The European Central Bank (ECB) reports a “significant slowdown in economic growth during the second quarter” for the eurozone and predicts “moderating momentum in the near term against a backdrop of high uncertainty.” According to its latest economic bulletin, recent surveys indicate “only modest expansion overall in both the manufacturing and services sectors.”
The ECB highlights that higher actual and anticipated tariffs, a strengthening euro, and persistent geopolitical uncertainty are reducing businesses’ willingness to invest. It further notes that “inflation prospects are more uncertain than usual due to volatility in the global trade policy landscape.” Annual inflation reached 2.0% in June 2025, up from 1.9% in May, with underlying inflation indicators broadly consistent with the Governing Council’s medium-term 2% target.
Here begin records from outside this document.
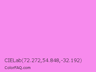 CIELab 72.272,54.848,-32.192 Color is a light magenta color and the nearest color is Light Fuchsia Pink #f984ef. Hex code #f78aed and RGB value is rgb(247,138,237). In RGB color space, this color is composed of 97% red, 54% green, 93% blue, In CMYK color space, this color is composed of 0% cyan, 44% magenta, 4% yellow , 3% black , In HSL color space, this color has a hue angle of 306° , 87% saturation and 75% lightness.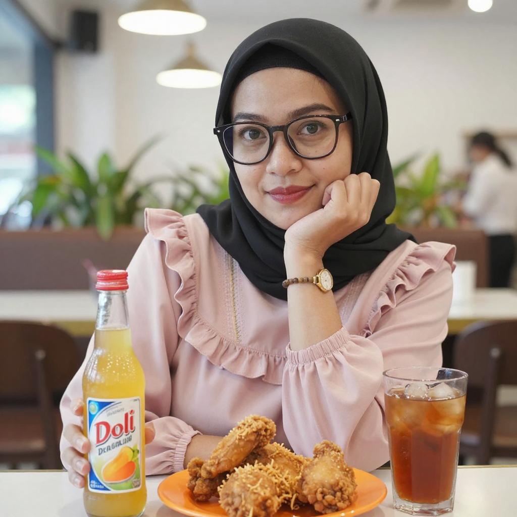 Photograph of an Asian woman with fair skin, black hijab, and glasses, wearing a pink ruffled blouse, sitting at a restaurant table. She rests her chin on her hand, with a bottle of "Doli" juice, orange plate with fried chicken, and a glass of iced tea in front of her. Background includes bright lights and indoor plants.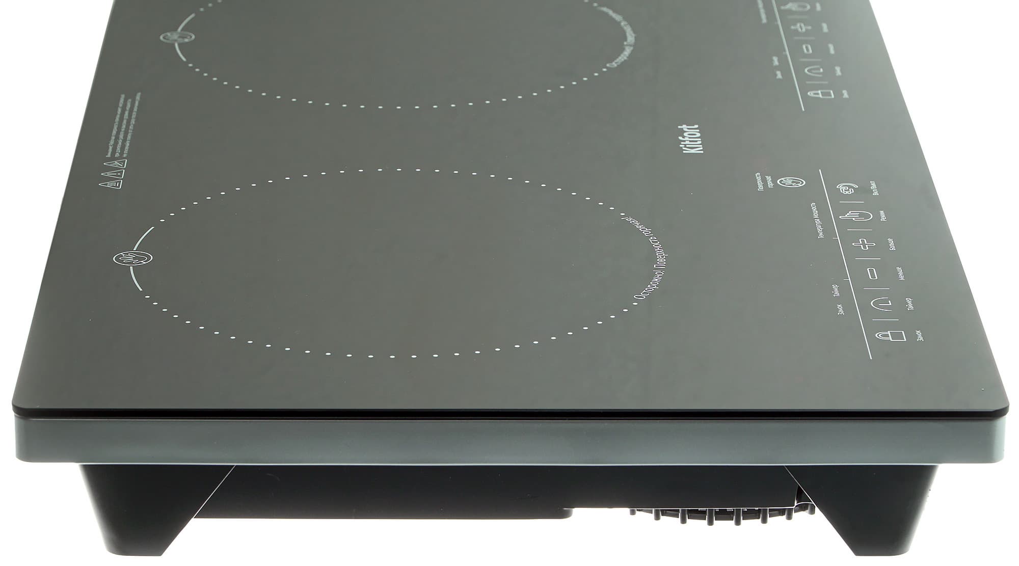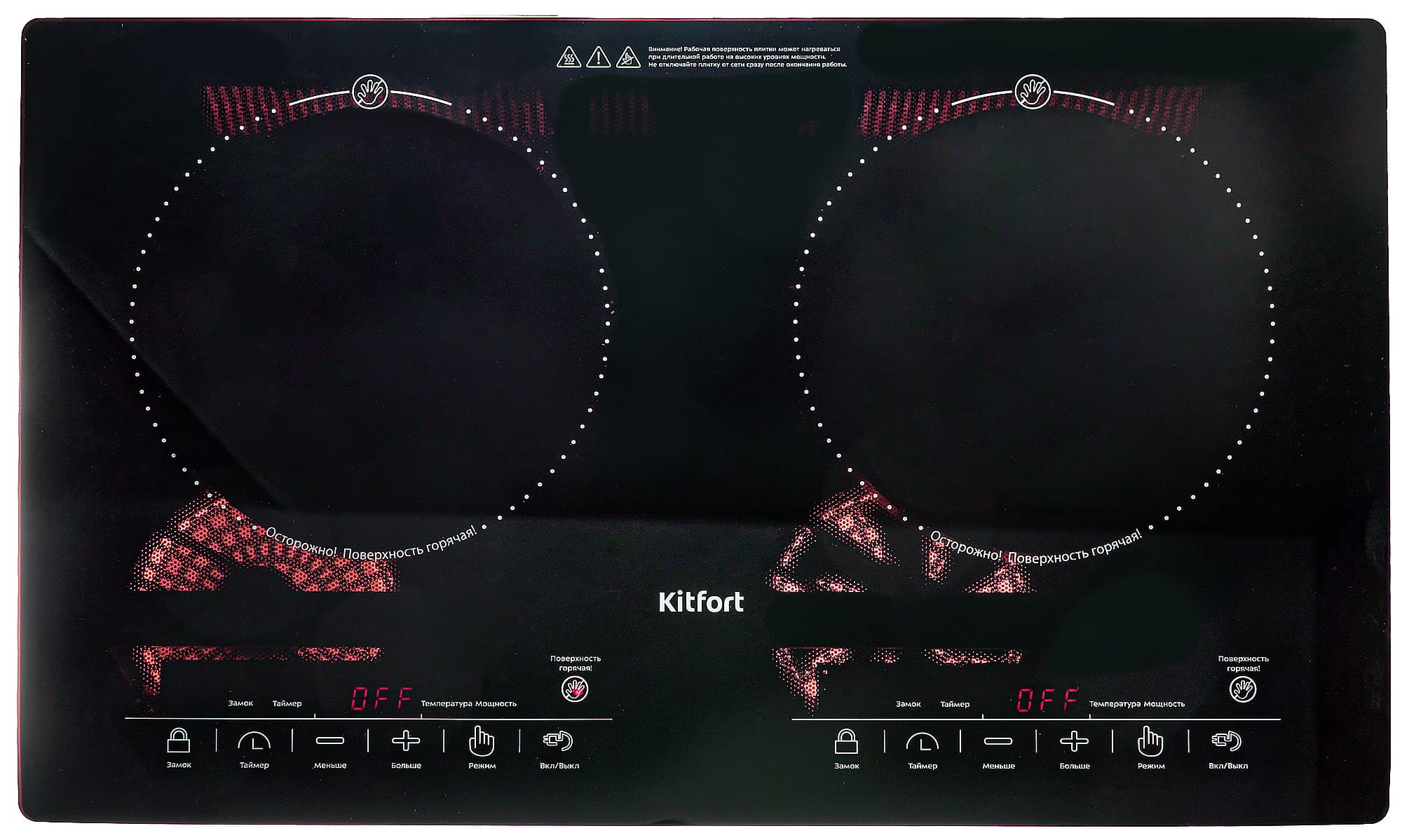 Поверхность плитки изготовлена из затемненного стекла, зоны нагрева обозначены окружностями, вдоль которых нанесена предупреждающая надпись «Осторожно! Поверхность горячая!». Ближе к пользователю размещена панель управления каждой из конфорок. Сенсорные кнопки которой снабжены однозначно трактуемыми пиктограммами.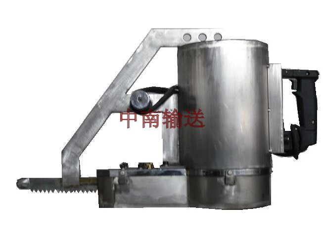該機(jī)是用于牛、羊、馬等牲畜的開(kāi)胸,以便工作人員對(duì)胴體的掏內(nèi)臟及劈半之用,主要由偏心塊、邊桿、鋸弓、鋸條、電機(jī)等組成。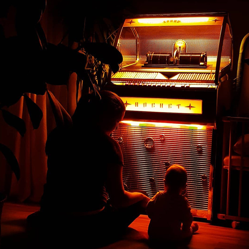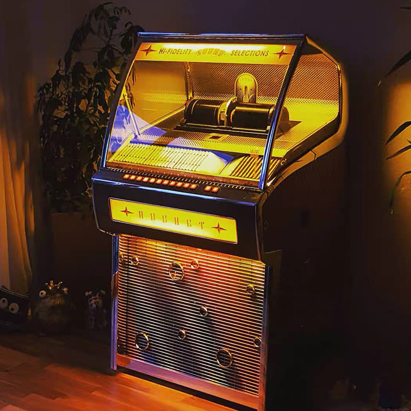 Британский старый ретро -точечный певец Jukebox большой монетный певец CD Machine Marchant Audio может вместить 80 листов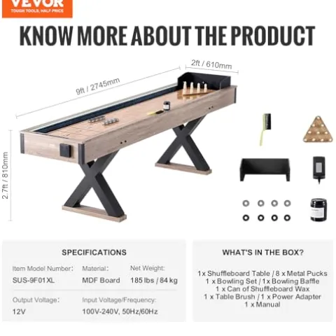 - 2 Games in 1: Double your fun with our 2-in-1 shuffleboard that offers two games in one. Enjoy the traditional shuffleboard game or switch things up with a fun game of bowling. This dual-game feature ensures endless entertainment for players of all ages.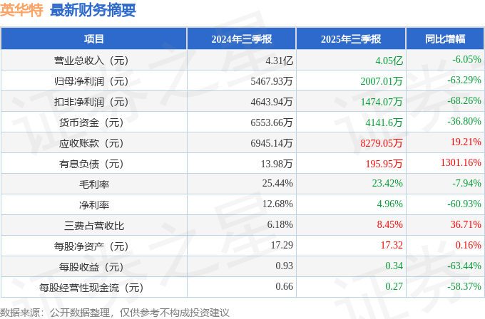 据证券之星公开数据整理,近期英华特(301272)发布2025年三季报。截至本报告期末,公司营业总收入4.05亿元,同比下降6.05%,归母净利润2007.01万元,同比下降63.29%。按单季度数据看,第三季度营业总收入1.62亿元,同比下降3.72%,第三季度归母净利润1070.5万元,同比下降55.66%。本报告期英华特公司应收账款体量较大,当期应收账款占最新年报归母净利润比达111.63%。

However, the central bank outlined significant risks to the inflation outlook. A stronger euro could push inflation lower than expected. Conversely, inflation could rise if higher tariffs trigger reduced demand for euro area exports and a shift towards imports from countries like China with excess production capacity. The ECB also warned that fragmentation in global supply chains could drive up import prices and tighten domestic capacity constraints, boosting inflation. Increased spending on defense and infrastructure, alongside extreme weather events and the unfolding climate crisis, could also push food prices and overall inflation higher than anticipated.
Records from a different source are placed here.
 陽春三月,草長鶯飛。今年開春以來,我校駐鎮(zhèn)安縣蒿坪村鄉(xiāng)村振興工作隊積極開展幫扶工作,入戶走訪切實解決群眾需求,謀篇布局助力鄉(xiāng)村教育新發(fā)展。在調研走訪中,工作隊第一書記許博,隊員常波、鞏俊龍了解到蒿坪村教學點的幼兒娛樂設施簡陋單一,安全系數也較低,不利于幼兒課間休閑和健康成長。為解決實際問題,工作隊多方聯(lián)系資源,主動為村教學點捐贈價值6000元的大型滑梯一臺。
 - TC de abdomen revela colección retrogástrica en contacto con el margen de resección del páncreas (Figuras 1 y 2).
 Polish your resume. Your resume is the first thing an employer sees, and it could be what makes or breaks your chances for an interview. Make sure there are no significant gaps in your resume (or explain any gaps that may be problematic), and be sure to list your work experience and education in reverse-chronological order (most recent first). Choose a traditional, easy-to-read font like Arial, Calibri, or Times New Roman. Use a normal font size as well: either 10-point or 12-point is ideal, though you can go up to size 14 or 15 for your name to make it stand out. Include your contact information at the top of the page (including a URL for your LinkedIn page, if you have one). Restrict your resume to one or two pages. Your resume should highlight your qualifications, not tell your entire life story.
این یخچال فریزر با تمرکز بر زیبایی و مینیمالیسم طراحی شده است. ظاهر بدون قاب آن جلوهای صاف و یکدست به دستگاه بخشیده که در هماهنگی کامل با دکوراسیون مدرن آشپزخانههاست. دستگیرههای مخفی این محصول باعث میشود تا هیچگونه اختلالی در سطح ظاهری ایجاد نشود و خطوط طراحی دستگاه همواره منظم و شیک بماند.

Meanwhile, falling interest rates are stimulating household mortgage demand within the eurozone. In contrast, tariffs and geopolitical tensions are acting as a brake on corporate credit. The ECB bulletin states that “Banks’ concerns about clients’ economic risks had a tightening impact on credit standards,” though this was largely offset by increased competition among lenders. Consequently, corporate loan demand saw a slight increase in Q2, aided by lower rates. Nonetheless, businesses maintained caution due to global uncertainty and trade tensions.
“Many banks cited the dampening effect of global uncertainty and related trade tensions on corporate loan demand,” the report specified. For housing loans, the ECB attributes the strong surge in demand primarily to falling interest rates, improved residential real estate market prospects, and, to a lesser extent, rising consumer confidence.